Saturday, September 5, 2009

SuperSucker

I bought a vacuum. Two thousand watts of cheaply made supersucking household domesticy. Ahhh. I love it almost as much as my kitchen.

The vacuum is good for everything. I give them hell. These things don’t only do floors. They do window sills. Blinds. Skirting boards. Upholstery. This thing will suck up all the dead flies out of the light fittings. Hell, why bother with swiping a spiderweb down with a cobweb brush? Don’t you get sick of the fucking spiders crawling down the handle, or falling off on to the floor? Suck them out of existence and the spider that came with it will disappear in a whirlwind of cyclonic beauty.

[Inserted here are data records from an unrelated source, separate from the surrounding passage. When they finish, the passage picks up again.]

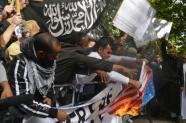 アメリカ国旗を焼くデモ隊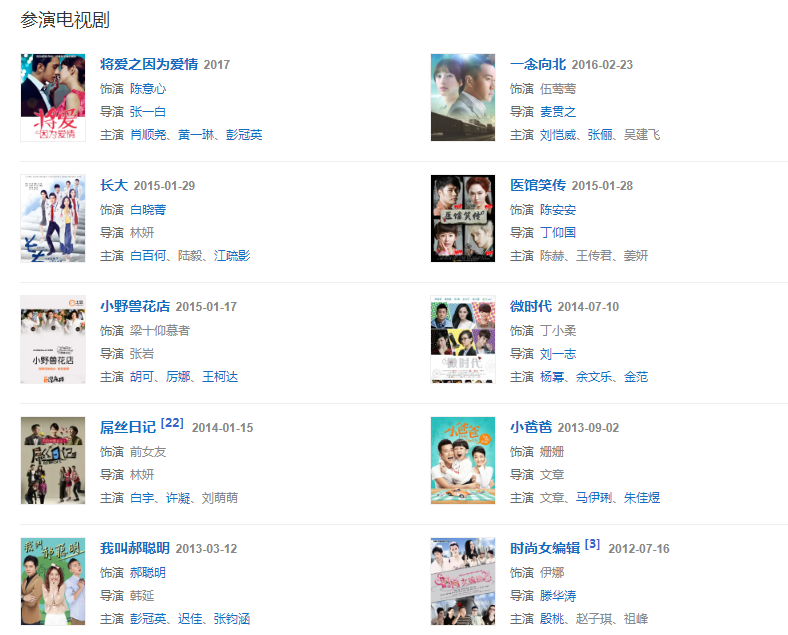 代表作品小爸爸、失戀33天、時(shí)尚女編輯、我叫郝聰明、醫(yī)館笑傳、長(zhǎng)大
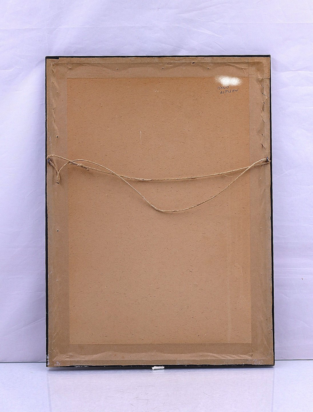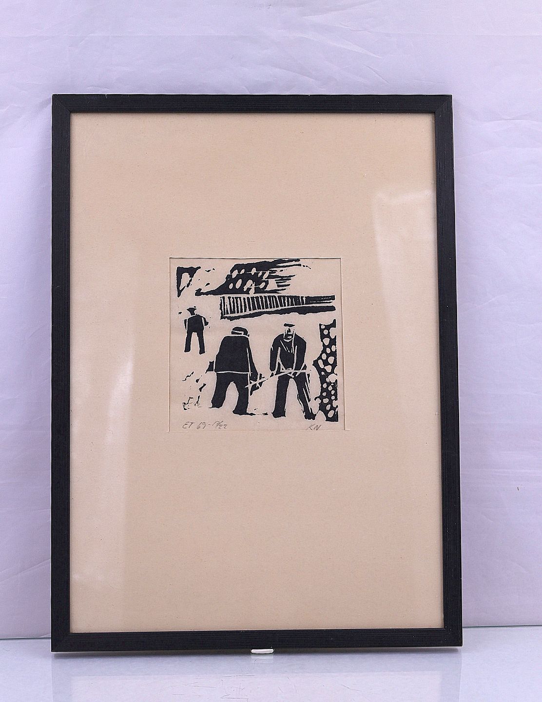 Indrammet Træsnit i træramme med motiv af to mænd, som arbejder mens toget kører forbi nr. 17/22.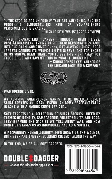 War upends lives. An aspiring paratrooper wants to be hazed...a bored squad creates an urban legend...an Army sergeant falls in love with a Marine Corps officer.... Soft Targets is a collection of short stories linked by themes of identity, camaraderie, vulnerability, and loss. They examine the stories we tell about war, and how conflict shapes us as individuals and as a society. A profoundly human journey, Inks shows us the wounds soldiers collect along the way, both seen and unseen. In the end, we're all soft targets.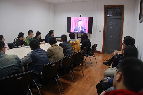 正值十九大召开之际,会议开始全体与会人员观看了十九大的新闻报道,重新学习了10日十九大开幕式上习近平总书记报告的要点内容。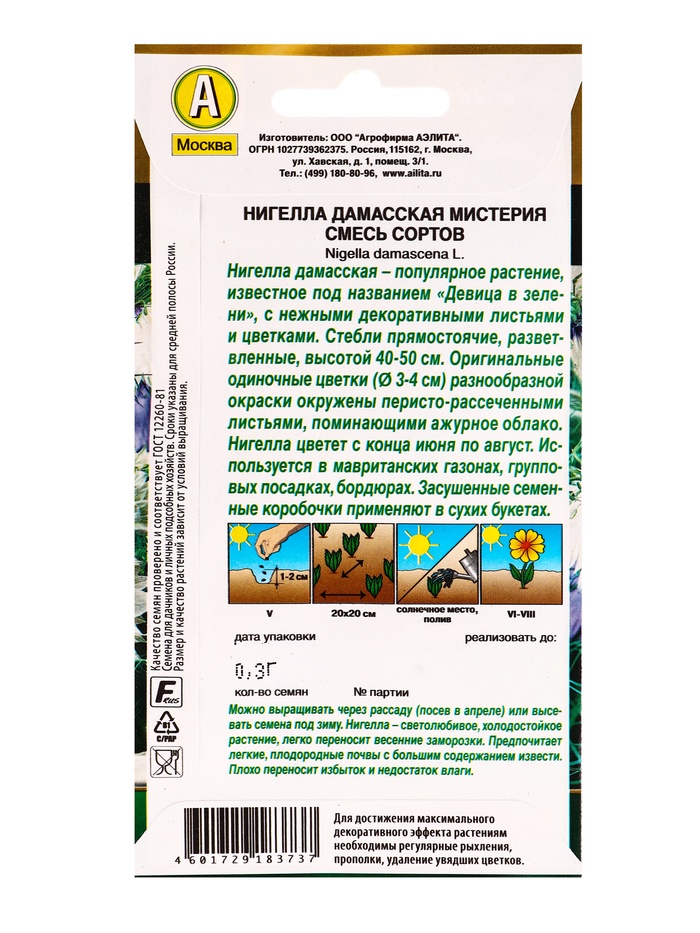 Семена цветов Нигелла Мистерия, смесь сортов Золотая серия, Ц/П,0,3 г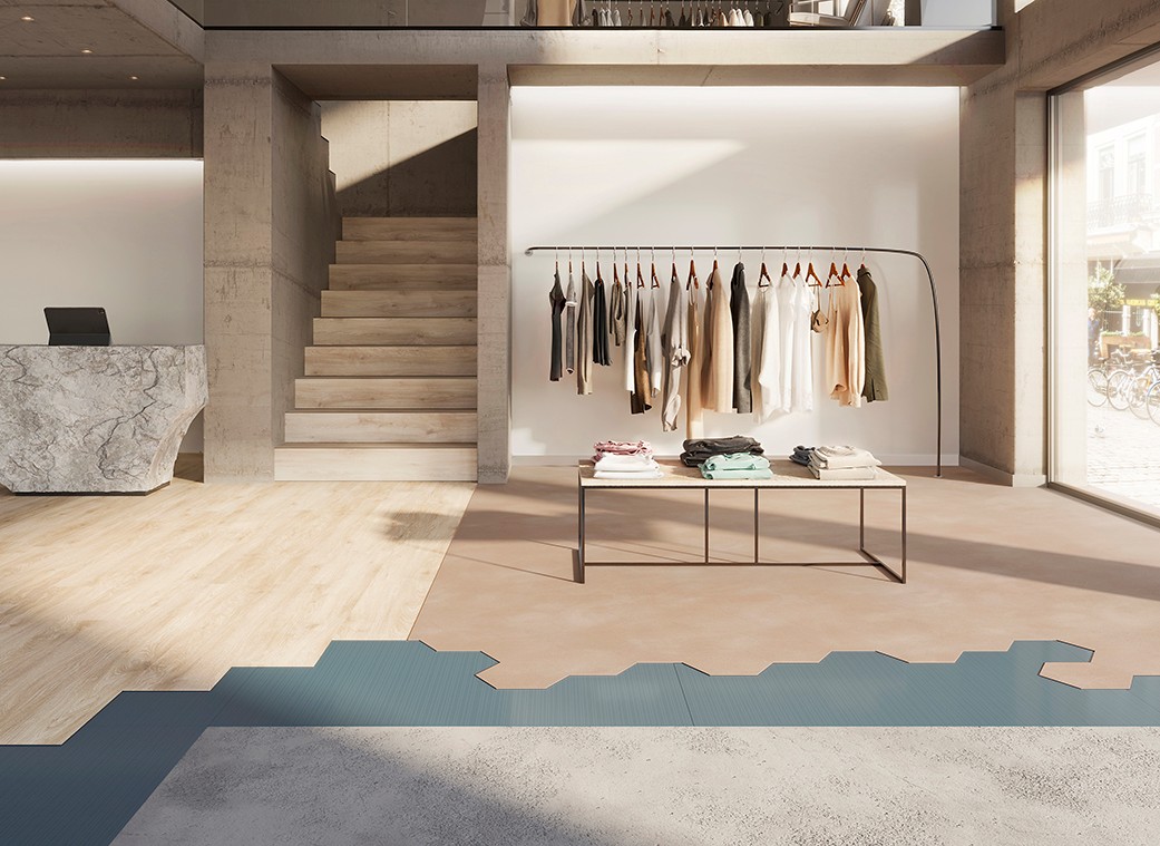 For installations using more complex plank or tile arrangements, such as herringbone or the multi-shape tiles of Moduleo’s Moods collection, Flex Pro Pure also allows for easy corrections with pieces simply lifted and repositioned. This is also advantageous if areas become damaged as planks or tiles can be quickly and easily replaced without disruption.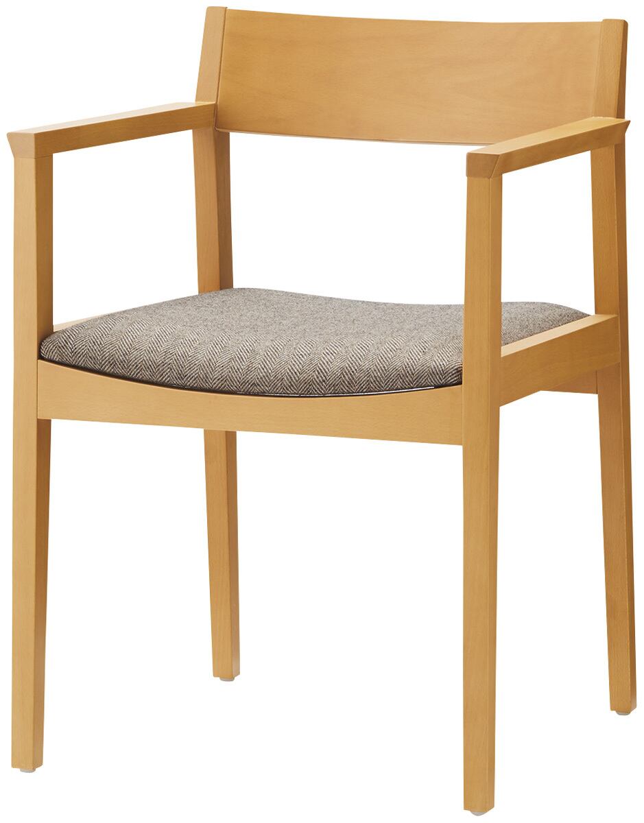 【マンタA (肘付)】チェア QUON Manta(張地C)| 肘掛け付きでくつろぎをプラスした、店舗・業務用木製椅子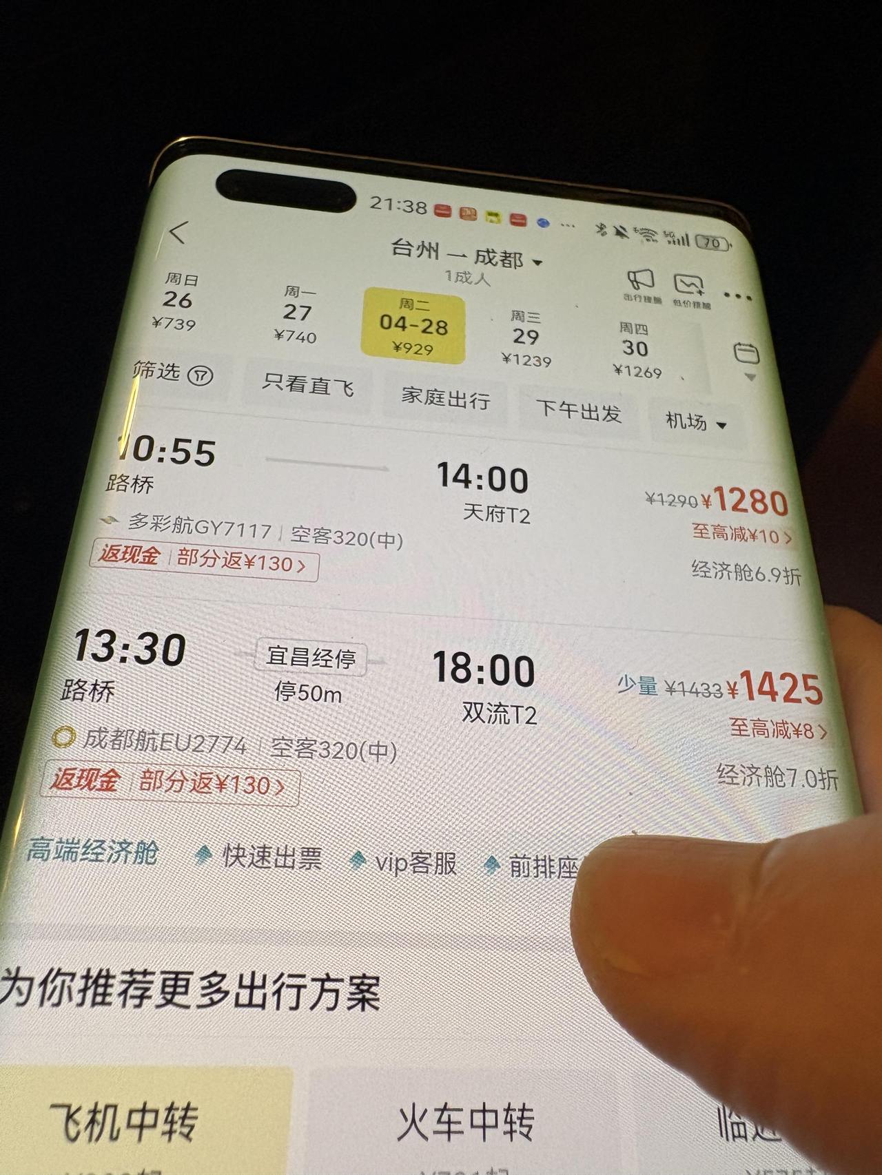 记者的查询也印证了这一变化。在某购票平台上,4月28日台州、温州、宁波和杭州等地直飞成都的单程机票价格在1287元至1577元区间,前一天却能查询到700元左右的机票。不仅仅是成都,北京、西安、重庆等热门旅游目的地的机票价格几乎全线飘红。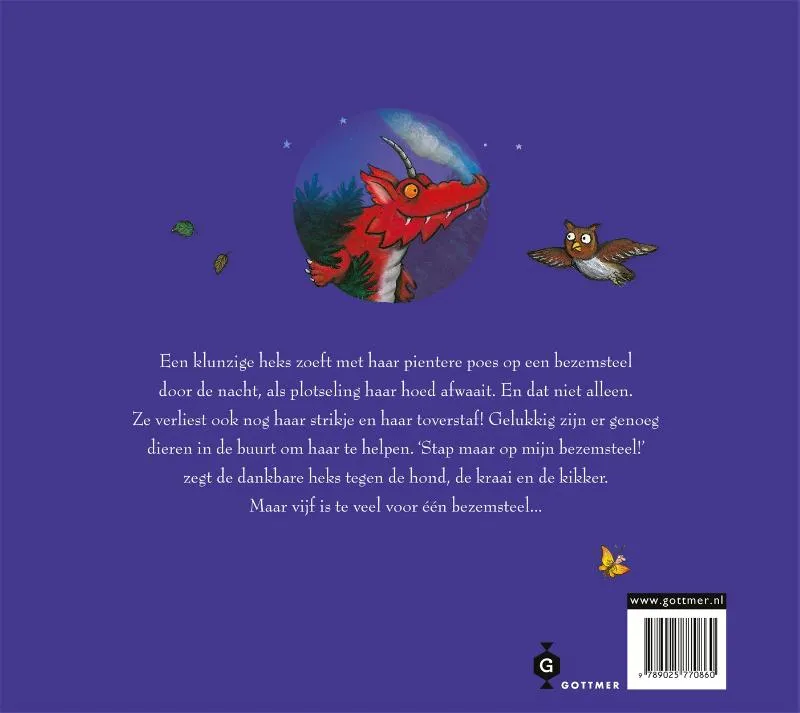 Een klunzige heks op haar bezem laat steeds iets vallen. Haar hoed bijvoorbeeld, maar ook haar toverstok! Alle dieren die haar helpen mogen met haar mee. Maar vijf is veel te veel voor één bezemsteel! Een grappig prentenboekverhaal op rijm.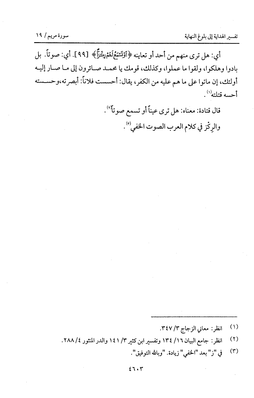 قال قتادة: معناه: هل ترى عيناً أو تسمع صوتاً.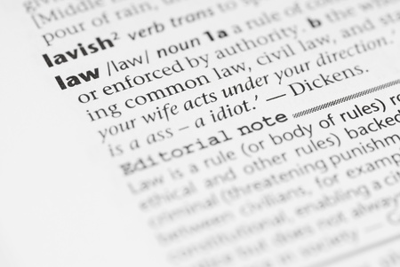 Definition of the word Law in a dictionary (with focus on the word, in blue tones)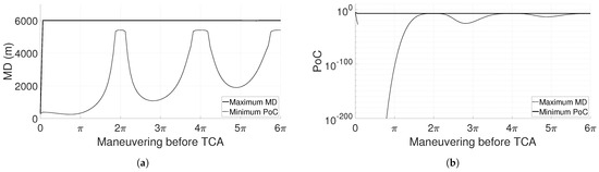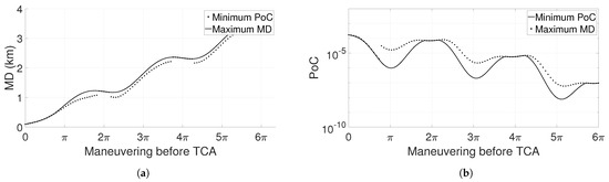 Real test results for the optimal CAM planning: MD and PoC trends. The plots report the MD (a) and PoC (b) trends as a function of the maneuvering point before the TCA, expressed in true anomaly difference. It is possible to notice that the MD and PoC align with the values in the MMD and mPoC maneuvers, respectively.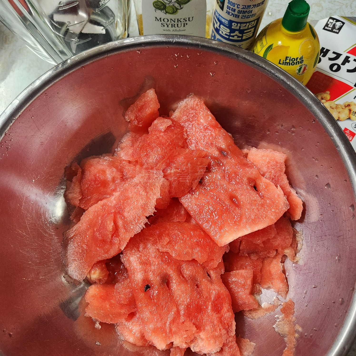 수박주스 만들기 땡모반 만드는 법 수박쥬스 황금레시피 이렇게 먹으면 너무 맛이 좋으니 참고하면 좋다. 땡모반을 만들지 않으실 분들은 생강가루만 생략하면 된다.
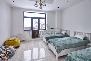 В ДОМЕ: 7 спален, 41 спальное место. Все комнаты оборудованы сплит-системой и вентиляцией. Конференц-зал 105 кв.м. на 80 персон со сценой и проектором. Вода из артезианской скважины и своя система очистки воды. Зал гостиная с большими арочными окнами.

Deeply engrossed in my domestic supersucking bliss I decided to clean the bathroom. I did the edges of the mirror, the top of the lightswitch, in beside and behind the toilet. All was going well, beautifully even. And then I spotted a bunch of offensive dust specks on top of the toilet roll holder. Well we’ll just suck those out of existence too then!

Note to Self: In future DO NOT place the nozzle of the supersucking awesome vacuum cleaner (on maximum suckage setting) anywhere near a toilet roll.

Before I knew it, the entire roll was gone. Unravelled all the way down the tube and spinning madly in the cyclonic catcher. Holy shit that was quick! I thought as I started to laugh, standing alone in my own bathroom holding a vacuum nozzle and looking at the empty roll on the holder.

So from now on I think I’ll stick to vacuum cleaning everything except the roll holder.

2 comments:

Anonymous said...

ha! i'm terrified of vacuums. me and the dogs, you know. but that's funny =)

dive said...

This is getting scary: Vic the Domestic Goddess!
Sheesh! When you start wearing an apron I'll know it's time for me to die.